• hmm blah blah
    • test something
  • #publish-this
    • What

    • So I had a particular need to load a #[[scikit learn sklearn]] model trained with 0.20.4 on Databricks 10.4 and ran into some fun details

    • I was not initially able to use the Databricks 10.4 pinned version of scikit-learn , 0.24.x because of course there were #backwards-compatibility issues where trying to load the model gave me an error saying that ModuleNotFoundError: No module named 'sklearn.preprocessing.imputation' was not found basically because I learned that all the Imputers were moved over to sklearn.impute

    • I tried also just vetting the assumption that I can simply pip install this earlier version of scikit learn. And turned out that well yes I can. But,

    • IMG_8096

    • But then when I try to import sklearn , oops, that gives a strange error

    • IMG_8095

    • and trying to look for using #conda to the rescue , well I looked around on https://anaconda.org and I ended up seeing that there is 0.20.2 from cctbx and then I saw 0.20.3 from cdat-forge so then trying that I basically got

      
      (pandars310) $ conda install -c cdat-forge scikit-learn=0.20.3
      Collecting package metadata (current_repodata.json): done
      Solving environment: failed with initial frozen solve. Retrying with flexible solve.
      Solving environment: failed with repodata from current_repodata.json, will retry with next repodata source.
      Collecting package metadata (repodata.json): done
      Solving environment: failed with initial frozen solve.
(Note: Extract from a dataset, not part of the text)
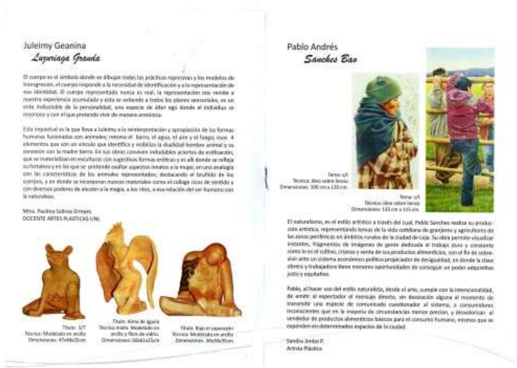
Fig.7. León G. (2019). Catálogo de Exposición; (Fotografía)
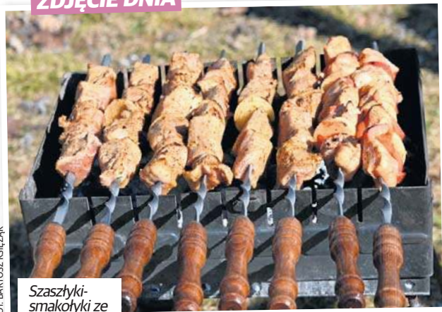
Szaszłyki-smakofyky ze Stawów Jana

Retrying with flexible solve.
      Solving environment: | 
      Found conflicts! Looking for incompatible packages.
      This can take several minutes.  Press CTRL-C to abort.
      failed                                                                                         
      
      UnsatisfiableError: The following specifications were found
      to be incompatible with the existing python installation in your environment:
      
      Specifications:
      
        - scikit-learn=0.20.3 -> python[version='>=2.7,<2.8.0a0|>=3.7,<3.8.0a0|>=3.6,<3.7.0a0']
      
      Your python: python=3.10
      
      If python is on the left-most side of the chain, that's the version you've asked for.
      When python appears to the right, that indicates that the thing on the left is somehow
      not available for the python version you are constrained to. Note that conda will not
      change your python version to a different minor version unless you explicitly specify
      that.
      
    • So aha I learned that if I want to use this earlier version of scikit learn then I would need <3.8 basically but Databricks 10.4 has pinned python 3.8 so basically that is a no go and this model just needs to be retrained to be used.